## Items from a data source
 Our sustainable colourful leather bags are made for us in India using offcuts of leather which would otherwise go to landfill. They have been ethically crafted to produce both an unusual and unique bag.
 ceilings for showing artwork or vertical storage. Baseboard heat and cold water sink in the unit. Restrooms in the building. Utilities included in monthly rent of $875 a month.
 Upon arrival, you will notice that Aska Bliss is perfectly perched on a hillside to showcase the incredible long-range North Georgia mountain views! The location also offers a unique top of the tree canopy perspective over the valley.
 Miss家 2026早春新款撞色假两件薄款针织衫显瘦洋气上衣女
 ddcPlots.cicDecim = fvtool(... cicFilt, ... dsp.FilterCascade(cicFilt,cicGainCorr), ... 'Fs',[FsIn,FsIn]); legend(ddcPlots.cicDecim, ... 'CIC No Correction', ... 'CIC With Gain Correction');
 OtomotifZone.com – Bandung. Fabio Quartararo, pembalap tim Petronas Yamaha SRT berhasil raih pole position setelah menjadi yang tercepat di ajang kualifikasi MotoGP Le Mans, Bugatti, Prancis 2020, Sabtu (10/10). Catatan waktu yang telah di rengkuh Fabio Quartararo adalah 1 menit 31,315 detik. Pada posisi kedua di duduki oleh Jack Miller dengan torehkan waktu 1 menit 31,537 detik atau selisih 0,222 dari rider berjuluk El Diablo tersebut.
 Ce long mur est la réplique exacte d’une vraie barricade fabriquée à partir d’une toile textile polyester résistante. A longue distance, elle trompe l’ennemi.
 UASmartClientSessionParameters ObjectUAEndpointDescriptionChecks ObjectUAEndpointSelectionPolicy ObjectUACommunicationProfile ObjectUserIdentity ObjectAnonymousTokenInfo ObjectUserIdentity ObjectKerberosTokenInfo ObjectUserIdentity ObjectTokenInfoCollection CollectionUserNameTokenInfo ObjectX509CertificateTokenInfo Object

## PROBLEM REQUIREMENTS
The answer is the line with "Upon arrival, you" plus every line after it, printed exactly as they appear above.

## RESPONSE AREA
 Upon arrival, you will notice that Aska Bliss is perfectly perched on a hillside to showcase the incredible long-range North Georgia mountain views! The location also offers a unique top of the tree canopy perspective over the valley.
 Miss家 2026早春新款撞色假两件薄款针织衫显瘦洋气上衣女
 ddcPlots.cicDecim = fvtool(... cicFilt, ... dsp.FilterCascade(cicFilt,cicGainCorr), ... 'Fs',[FsIn,FsIn]); legend(ddcPlots.cicDecim, ... 'CIC No Correction', ... 'CIC With Gain Correction');
 OtomotifZone.com – Bandung. Fabio Quartararo, pembalap tim Petronas Yamaha SRT berhasil raih pole position setelah menjadi yang tercepat di ajang kualifikasi MotoGP Le Mans, Bugatti, Prancis 2020, Sabtu (10/10). Catatan waktu yang telah di rengkuh Fabio Quartararo adalah 1 menit 31,315 detik. Pada posisi kedua di duduki oleh Jack Miller dengan torehkan waktu 1 menit 31,537 detik atau selisih 0,222 dari rider berjuluk El Diablo tersebut.
 Ce long mur est la réplique exacte d’une vraie barricade fabriquée à partir d’une toile textile polyester résistante. A longue distance, elle trompe l’ennemi.
 UASmartClientSessionParameters ObjectUAEndpointDescriptionChecks ObjectUAEndpointSelectionPolicy ObjectUACommunicationProfile ObjectUserIdentity ObjectAnonymousTokenInfo ObjectUserIdentity ObjectKerberosTokenInfo ObjectUserIdentity ObjectTokenInfoCollection CollectionUserNameTokenInfo ObjectX509CertificateTokenInfo Object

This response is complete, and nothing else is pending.